After a month of weekly gains, natural gas forward prices slammed the brakes as the latest weather models indicate the end of winter is fast approaching. April forward prices fell an average 7 cents from March 7-13, while May and the summer strip (April-October) each fell less than a nickel, according to NGI’s Forward Look.

The losses closely tracked those seen along the Nymex futures curve, which shifted very little ahead of the weekend but then plunged nearly a dime to start the week as weather models shifted significantly warmer for the long range. After plunging roughly 9 cents on Monday, a modest recovery sent the Nymex April contract ultimately around 4 cents lower for the four-day time period to $2.82, while May fell around 3 cents to $2.834 and the summer strip lost about a penny to hit $2.901.

While weather sentiment has generally shifted more bearish, individual datasets have remained volatile as warmer changes have been seen in overnight weather model cycles, only to be followed by colder changes in the afternoon, according to Bespoke Weather Services. Wednesday night’s model runs continued this trend, going a little warmer after the colder changes in the afternoon.

“Big picture wise, not much has changed, however, with a variable pattern, biased to the warmer side of normal toward the final third of the month,” Bespoke chief meteorologist Jacob Meisel said.

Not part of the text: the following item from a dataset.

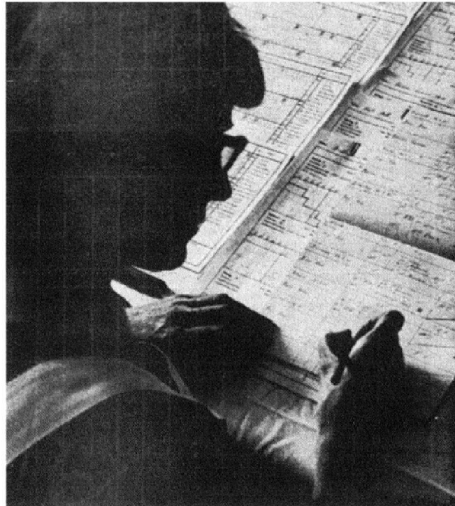
Abb. 6: «Beim Schein eines Nachtlämpchens schreibt die Schwester während der Nachtschicht ihre Rapporte. Das Verhalten, die Reaktionen und das Gebaren ihrer Patienten werden genauestens notiert und dem Arzt weitergegeben. Aufgrund dieser minutiös geführten Kurven entscheidet dieser über die weiteren Behandlungsmethoden.»

und im Gespräch den Kranken zu beobachten; sie sind es, die jede Veränderung miterleben, sie bemerken, welches die Reaktionen auf verschiedene Therapien sind, auf Änderungen in der Zusammenstellung und Dosierung der Medikamente: Gewissenhafte Beobachtung ist für den Arzt von grossem Wert, er kann darauf die Behandlung abstimmen.» 33

With the El Niño base state still in control of the global pattern, the firm feels that there will continue to be storminess and variability in the pattern from late March into early April, with a lean toward the warmer side of normal in terms of national gas-weighted degree days. While not deviating strongly from normal, this would still deliver a much different demand picture versus last year, when high-end cold took hold from late March throughout the entire month of April, the firm said.

Meanwhile, the National Oceanic and Atmospheric Administration’s Climate Prediction Center said the El Niño will probably last until June, and that there is a roughly 60% chance the weather pattern will last until September and a roughly 50% chance it will linger longer. Forecasters noted, however, that El Niño projections from March to May “tend to be less accurate.”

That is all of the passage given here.